[Dataset section — start]

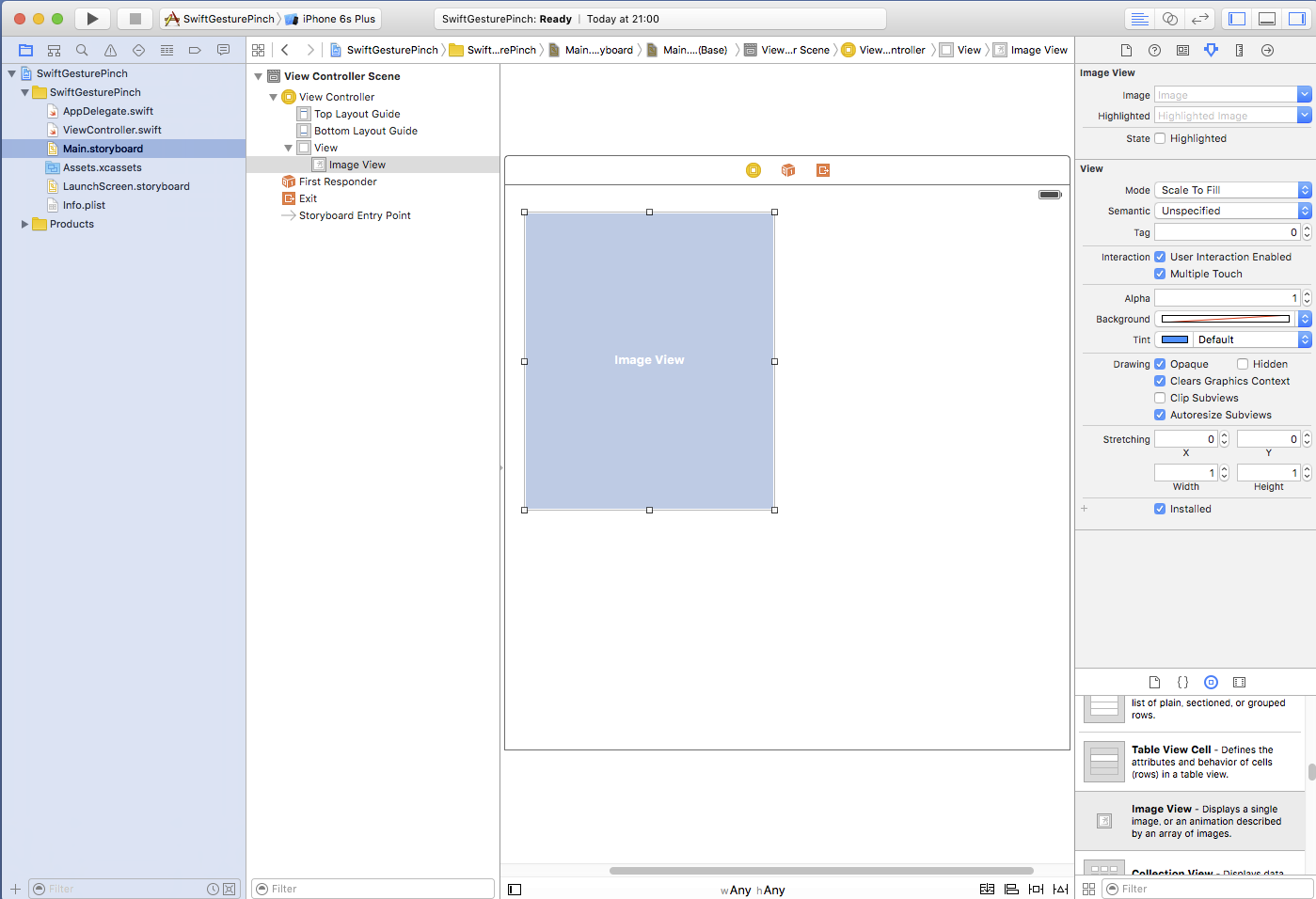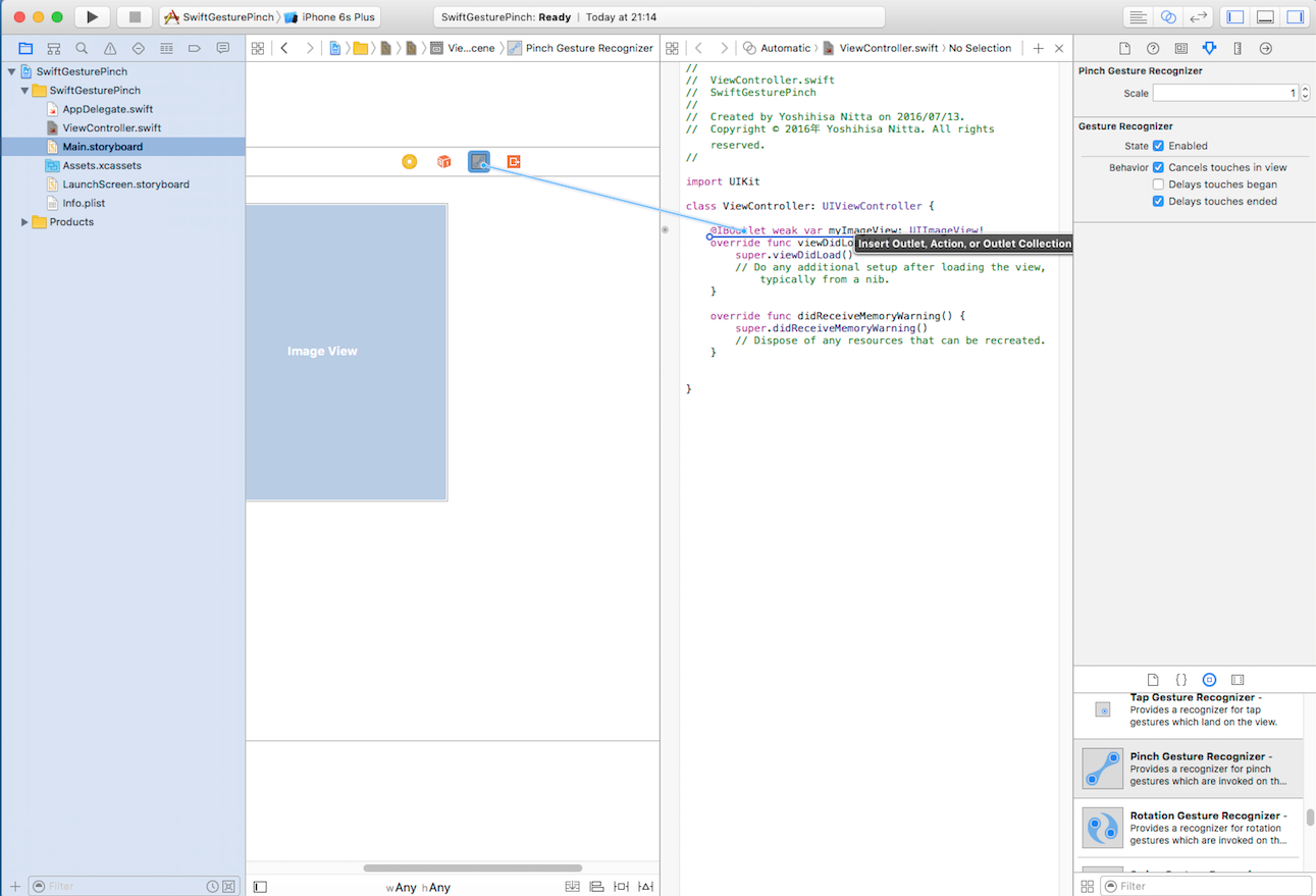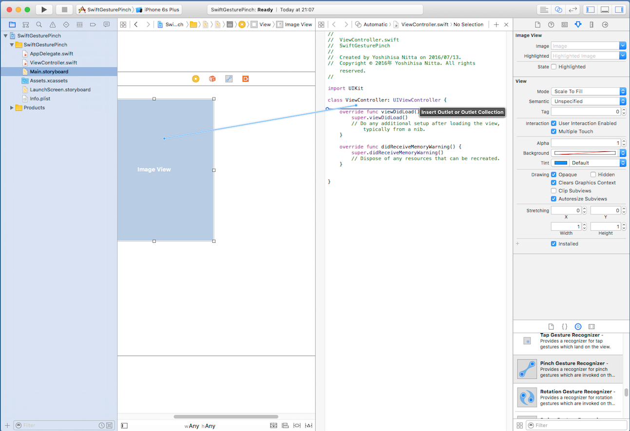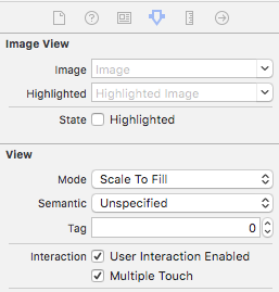 ImageViewはデフォルトではジェスチャを認識しないように設定されていますので、 ジェスチャを認識するように変更(User Interaction Enabled, Multiple Touch をともにチェック)します。
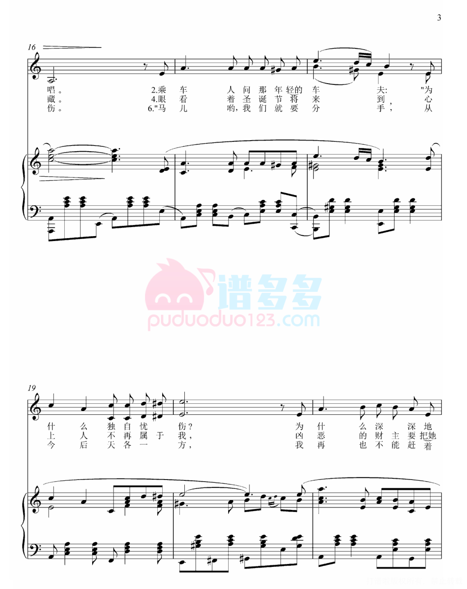 三套车钢琴谱 - 俄罗斯民歌
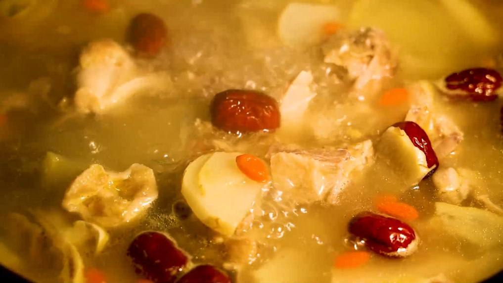 時值寒冬,正是需要溫補之時。云南省屏邊苗族自治縣的居民會以當地野生滇黃精和土雞為主料,配上昭通天麻、紅棗、枸杞、當歸等滋補食材,砂鍋慢燉,制作成滇黃精煮雞。隨著燉煮,雞湯逐漸變得金黃透亮,香氣撲鼻,一碗熱騰騰的雞湯下肚,溫暖瞬間傳遍全身,元氣滿滿。

[Dataset section — finish]

◆ **Exercise**
Return the material above in exact form. Pictures stay out.

◆ **Result**
 ImageViewはデフォルトではジェスチャを認識しないように設定されていますので、 ジェスチャを認識するように変更(User Interaction Enabled, Multiple Touch をともにチェック)します。
 三套车钢琴谱 - 俄罗斯民歌
 時值寒冬,正是需要溫補之時。云南省屏邊苗族自治縣的居民會以當地野生滇黃精和土雞為主料,配上昭通天麻、紅棗、枸杞、當歸等滋補食材,砂鍋慢燉,制作成滇黃精煮雞。隨著燉煮,雞湯逐漸變得金黃透亮,香氣撲鼻,一碗熱騰騰的雞湯下肚,溫暖瞬間傳遍全身,元氣滿滿。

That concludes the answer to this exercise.